Cardio, also known as endurance exercise, is an important part of every workout routine. It can help you reach your fitness goals, manage your weight and improve the function of your heart and lungs.
While you're probably familiar with the basics of cardio, there's plenty more to know if you want to seriously increase your fitness level.
Whether you're aiming to run a marathon this year or just looking to enjoy your weekly run a bit more, here's our deep dive on all things cardiovascular fitness.
Explaining cardio exercise
Cardiovascular exercise, or cardio for short, is any activity that increases your heart rate, gets you sweating and increases blood flow [1]. Common examples include running, walking, cycling, swimming and rowing [3].
The main goal of cardio is to improve your heart and lung function. This allows your body to pump blood and use oxygen more efficiently [3].
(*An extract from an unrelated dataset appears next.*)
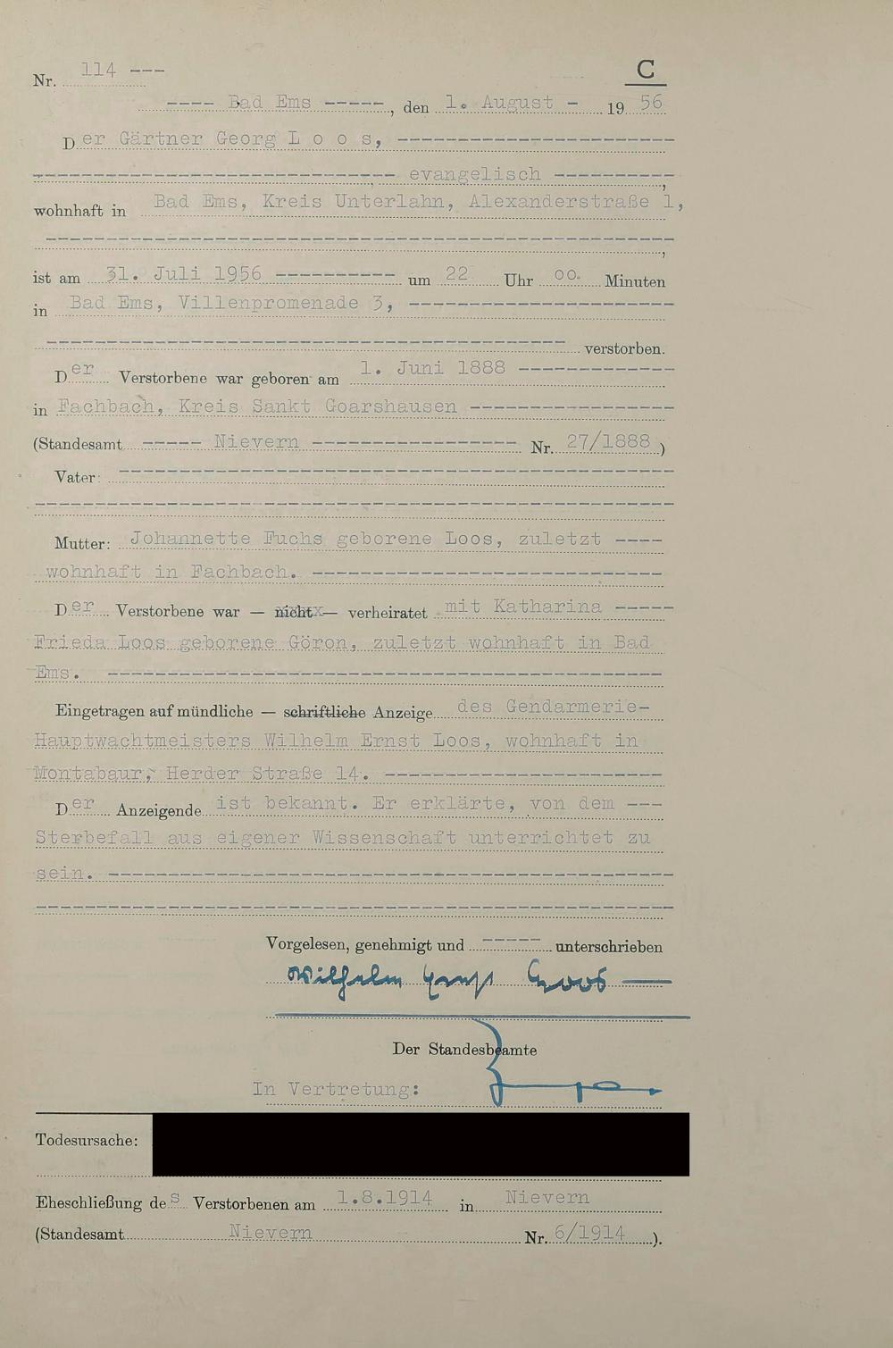 1532: Sterberegister 1956

There are 2 different types of cardio exercise:
- Aerobic: moderate intensity exercise done for a long time, such as running or swimming
- Anaerobic: short bursts of intense activity, such as sprinting or HIIT training
Aerobic exercise helps build up your cardiovascular endurance, while anaerobic exercise is good for strength and power. Cardio is one of 4 types of exercise to include in your weekly routine, with the others being strength, balance and flexibility [2].
What are the benefits of cardio training?
Regular exercise is about more than maximising your appearance, it’s about improving your overall health too. Here are 5 benefits to cardio training that can motivate you to get moving this week.
Helps with weight loss
Cardio exercise is a proven strategy for maintaining a healthy weight [3]. When combined with a balanced diet, cardio puts you into a calorie deficit, which is the first step to losing weight and keeping it off.
More specifically, it helps you burn calories from both fat and carbohydrates. It can also help regulate blood sugars, lower cholesterol and blood pressure levels.
There are lots of ways to get started with weight loss through cardio; from talking to your doctor to working with a personal trainer or joining a programme, like Compound.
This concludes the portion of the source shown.